◆ Exercise ◆
Exactly the lines below from the one with "請(qǐng)看圖3 (貝殼" up to and including the one with "Brillenhoes, rechthoekig zakje" make up the answer, with nothing else added.

☆ ☆ ☆ ☆

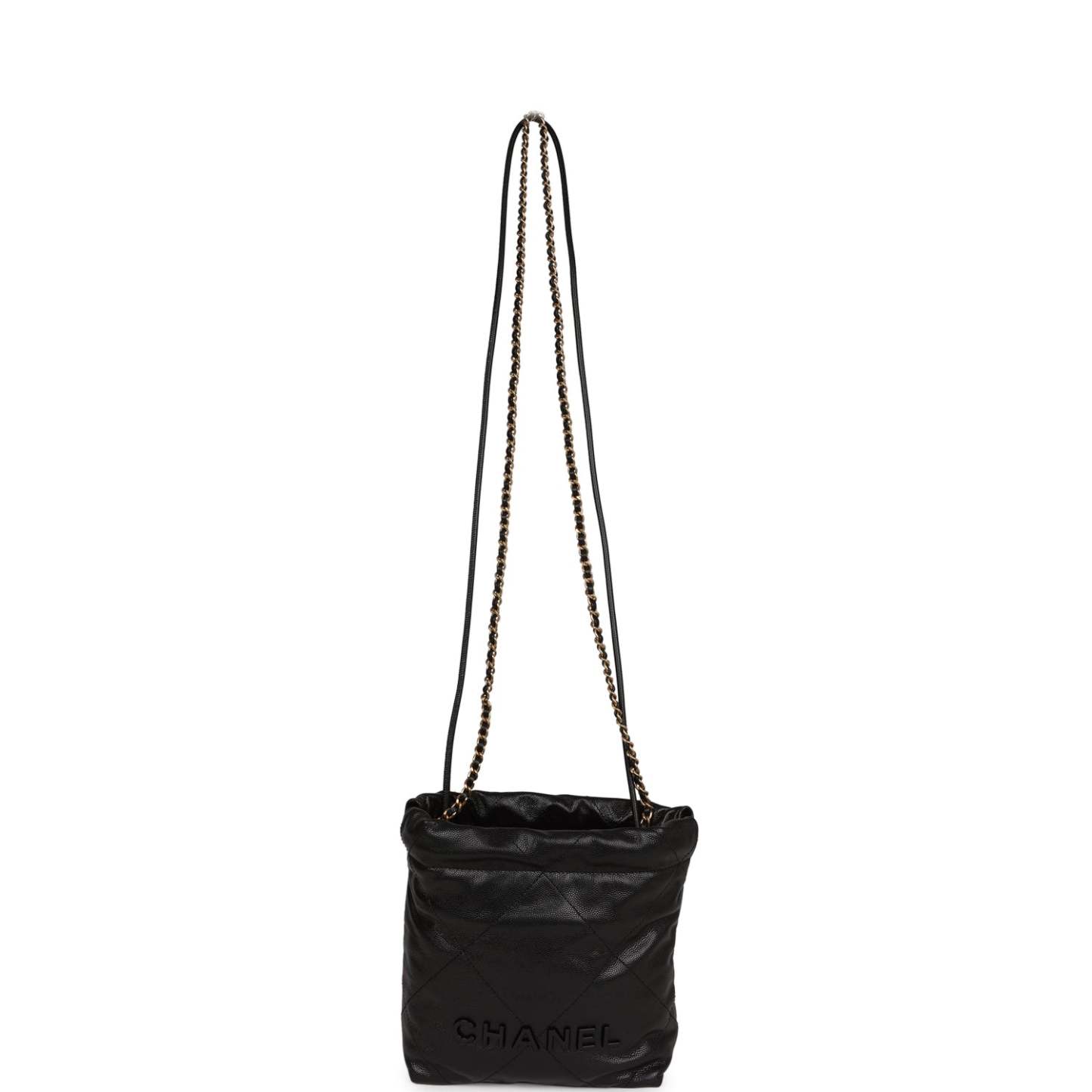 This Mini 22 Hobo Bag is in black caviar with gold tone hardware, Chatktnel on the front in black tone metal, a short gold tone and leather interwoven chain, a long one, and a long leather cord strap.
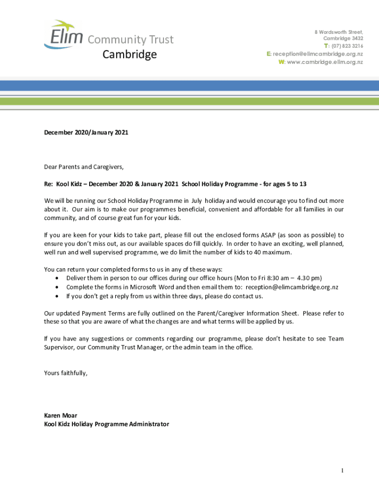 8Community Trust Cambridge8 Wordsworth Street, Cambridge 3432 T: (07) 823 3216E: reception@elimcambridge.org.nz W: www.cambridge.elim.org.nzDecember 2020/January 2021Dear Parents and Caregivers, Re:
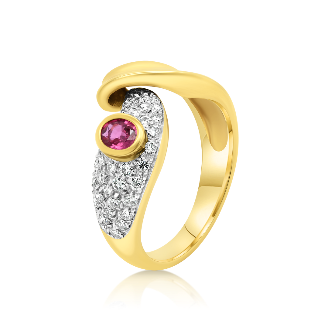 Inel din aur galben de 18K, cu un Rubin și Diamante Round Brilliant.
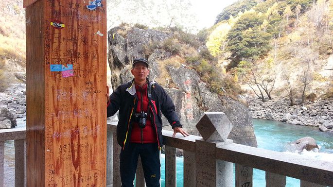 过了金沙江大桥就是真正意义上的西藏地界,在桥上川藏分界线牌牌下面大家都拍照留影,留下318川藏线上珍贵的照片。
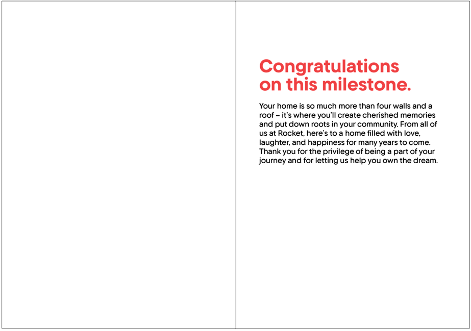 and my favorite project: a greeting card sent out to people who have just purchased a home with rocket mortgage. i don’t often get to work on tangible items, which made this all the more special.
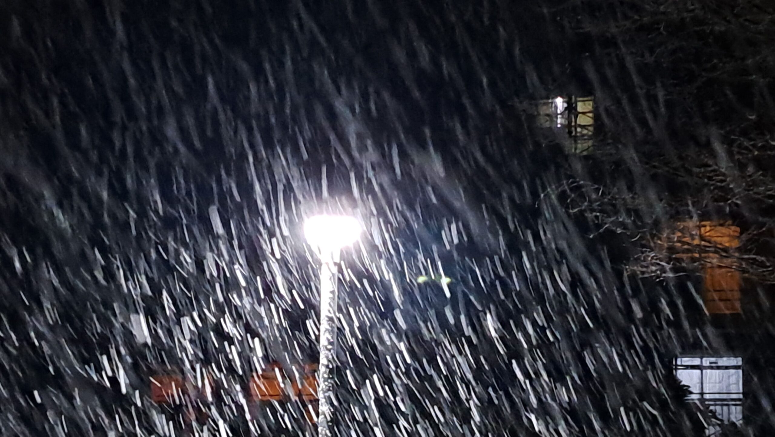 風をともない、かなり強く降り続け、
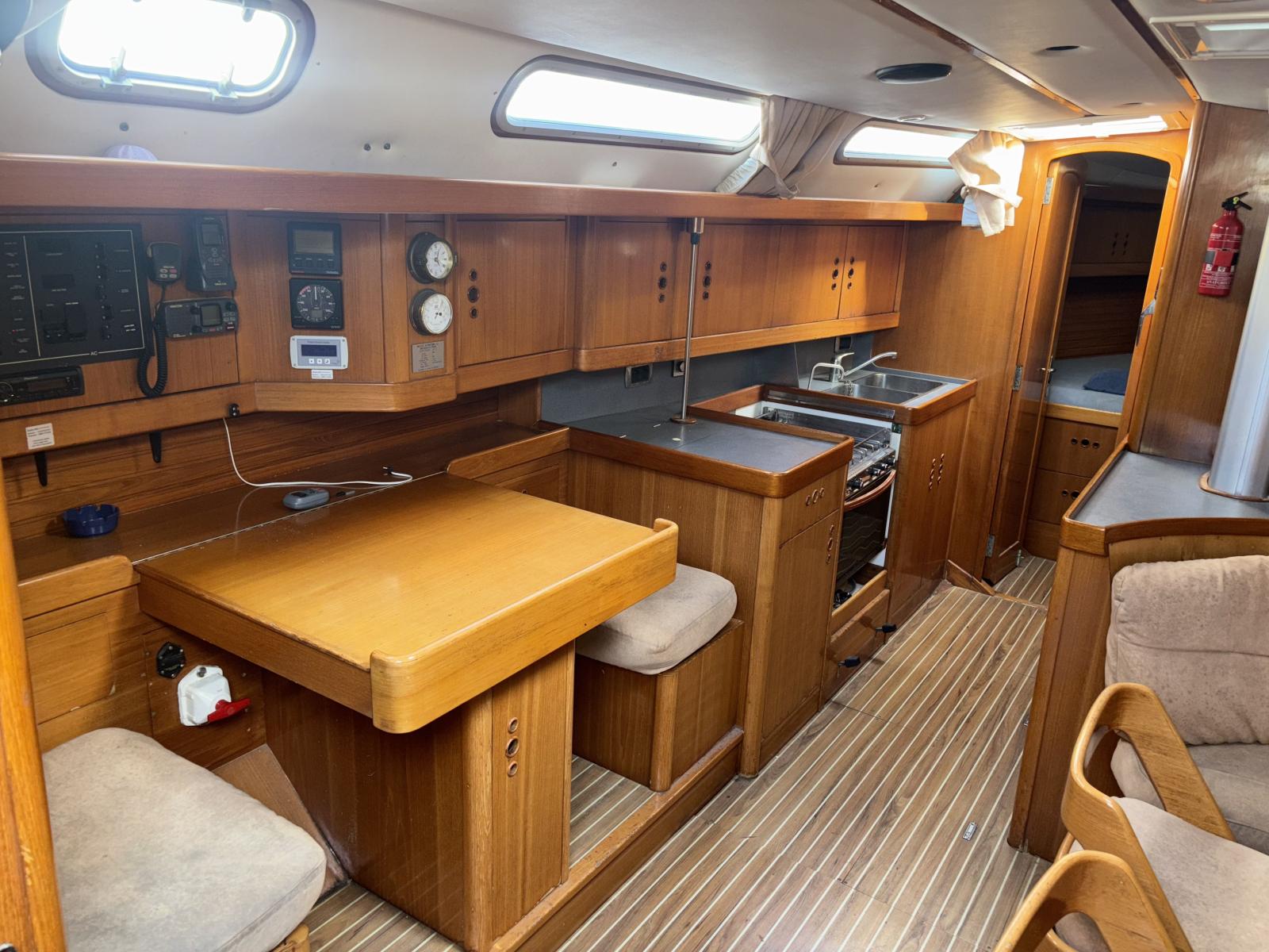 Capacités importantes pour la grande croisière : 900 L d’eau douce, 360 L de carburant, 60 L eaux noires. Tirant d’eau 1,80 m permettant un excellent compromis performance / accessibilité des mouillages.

☆ ☆ ☆ ☆

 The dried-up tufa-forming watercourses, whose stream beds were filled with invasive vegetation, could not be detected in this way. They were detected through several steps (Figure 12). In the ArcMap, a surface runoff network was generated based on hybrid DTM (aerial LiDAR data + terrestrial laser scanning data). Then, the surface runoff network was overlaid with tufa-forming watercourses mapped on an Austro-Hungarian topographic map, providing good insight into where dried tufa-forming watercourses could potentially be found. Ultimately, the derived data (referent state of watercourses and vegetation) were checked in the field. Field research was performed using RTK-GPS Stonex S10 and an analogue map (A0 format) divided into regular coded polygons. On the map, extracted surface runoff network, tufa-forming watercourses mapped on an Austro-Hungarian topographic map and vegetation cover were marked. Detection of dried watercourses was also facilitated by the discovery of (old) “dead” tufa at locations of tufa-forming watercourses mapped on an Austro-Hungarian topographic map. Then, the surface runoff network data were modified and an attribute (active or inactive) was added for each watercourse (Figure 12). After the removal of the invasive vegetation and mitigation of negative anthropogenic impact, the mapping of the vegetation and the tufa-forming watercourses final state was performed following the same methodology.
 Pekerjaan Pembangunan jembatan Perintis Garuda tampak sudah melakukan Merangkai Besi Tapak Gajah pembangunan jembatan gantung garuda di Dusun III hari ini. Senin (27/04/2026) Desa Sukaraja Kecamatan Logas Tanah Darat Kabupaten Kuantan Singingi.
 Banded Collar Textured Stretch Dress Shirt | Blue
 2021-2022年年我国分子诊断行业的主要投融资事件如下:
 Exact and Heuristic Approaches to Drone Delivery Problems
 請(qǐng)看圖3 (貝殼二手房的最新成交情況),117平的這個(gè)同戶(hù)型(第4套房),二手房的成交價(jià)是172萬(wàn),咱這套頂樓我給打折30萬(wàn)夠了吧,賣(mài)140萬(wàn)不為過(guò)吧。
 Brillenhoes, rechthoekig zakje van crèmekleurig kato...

☆ ☆ ☆ ☆

◆ Solution for this exercise ◆
 請(qǐng)看圖3 (貝殼二手房的最新成交情況),117平的這個(gè)同戶(hù)型(第4套房),二手房的成交價(jià)是172萬(wàn),咱這套頂樓我給打折30萬(wàn)夠了吧,賣(mài)140萬(wàn)不為過(guò)吧。
 Brillenhoes, rechthoekig zakje van crèmekleurig kato...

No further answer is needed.